For overseas employment, applicants should be especially careful if money is collected before there is a valid, approved employment contract and an official receipt. POEA/DMW public guidance warns workers not to pay a placement fee unless they have a valid employment contract and official receipt. (Department of Migrant Workers)
5. Was an official receipt issued?
A legitimate payment should be documented. For regulated recruitment fees, an official receipt is not a minor detail. It helps prove:
- the amount paid;
- the date of payment;
- the agency or person who received it;
- the stated purpose of the payment;
- whether the payment exceeded the legal limit.
If you were not given a receipt, you can still report.

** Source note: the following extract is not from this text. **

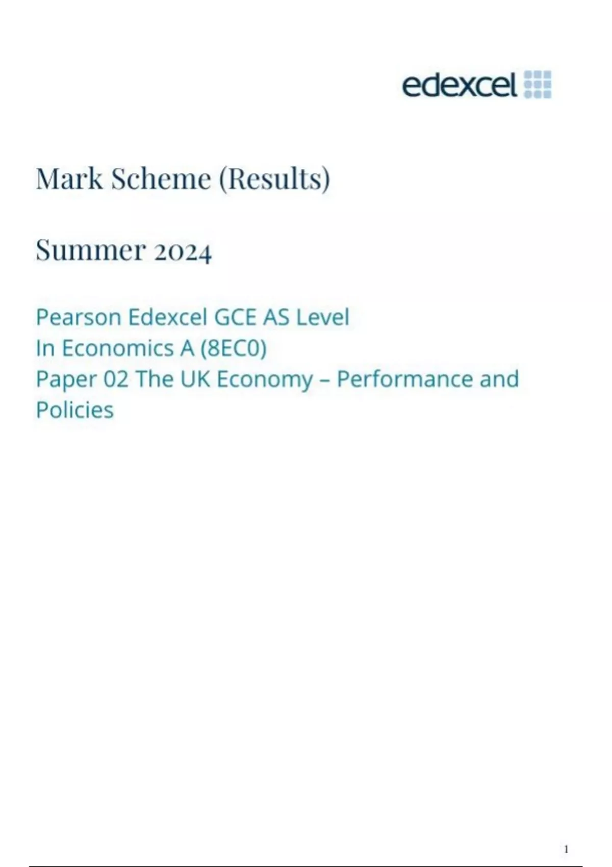 Pearson Edexcel GCE AS Level In Economics A (8EC0) Paper 02 The UK Economy Performance and Policies Question paper and Mark scheme June 2025

Philippine courts have recognized in illegal recruitment cases that the absence of receipts is not automatically fatal when credible testimony and other evidence prove payment and recruitment activity. (Supreme Court E-Library)
Where to Report Illegal Job Placement Fees in the Philippines
The correct office depends on the kind of job and the kind of violation.
| Problem | Where to report | What the office may handle |
|---|---|---|
| Overseas job, OFW application, DMW-licensed agency, fake overseas job, illegal placement fee for abroad | Department of Migrant Workers, DMW Regional Office, Migrant Workers Protection Bureau, or MWO/Philippine Embassy abroad | Verification, administrative complaint, anti-illegal recruitment action, endorsement for criminal investigation |
| Local job placement fee charged by a local recruitment agency | DOLE Regional Office or Field Office; Bureau of Local Employment for policy/regulatory concerns | Complaint against local private recruitment and placement agency |
| Scam, fake recruiter, large-scale recruitment, forged documents, threats, online recruitment fraud | NBI, PNP, prosecutor’s office, DMW or DOLE for referral | Criminal investigation and preliminary investigation |
| Salary deductions, refund, nonpayment, illegal dismissal, deployment-related money claims of OFWs | NLRC | Money claims against recruitment agency, employer, or principal |
| Domestic worker charged a recruitment or finder’s fee | DOLE, local labor office, or appropriate complaint desk for kasambahay concerns | Enforcement of Batas Kasambahay rights |
| Trafficking, forced labor, debt bondage, confiscated passport, exploitation | IACAT-related channels, DOJ, NBI, PNP, DMW/MWO, Philippine Embassy or Consulate abroad | Trafficking investigation, rescue, protection, prosecution |
The DMW’s current public contact channels include Hotline 1348, and its website provides access to online services such as licensed recruitment agency and approved job order verification. (Department of Migrant Workers) For local labor matters, DOLE maintains Hotline 1349 for labor-related concerns. (Department of Labor and Employment)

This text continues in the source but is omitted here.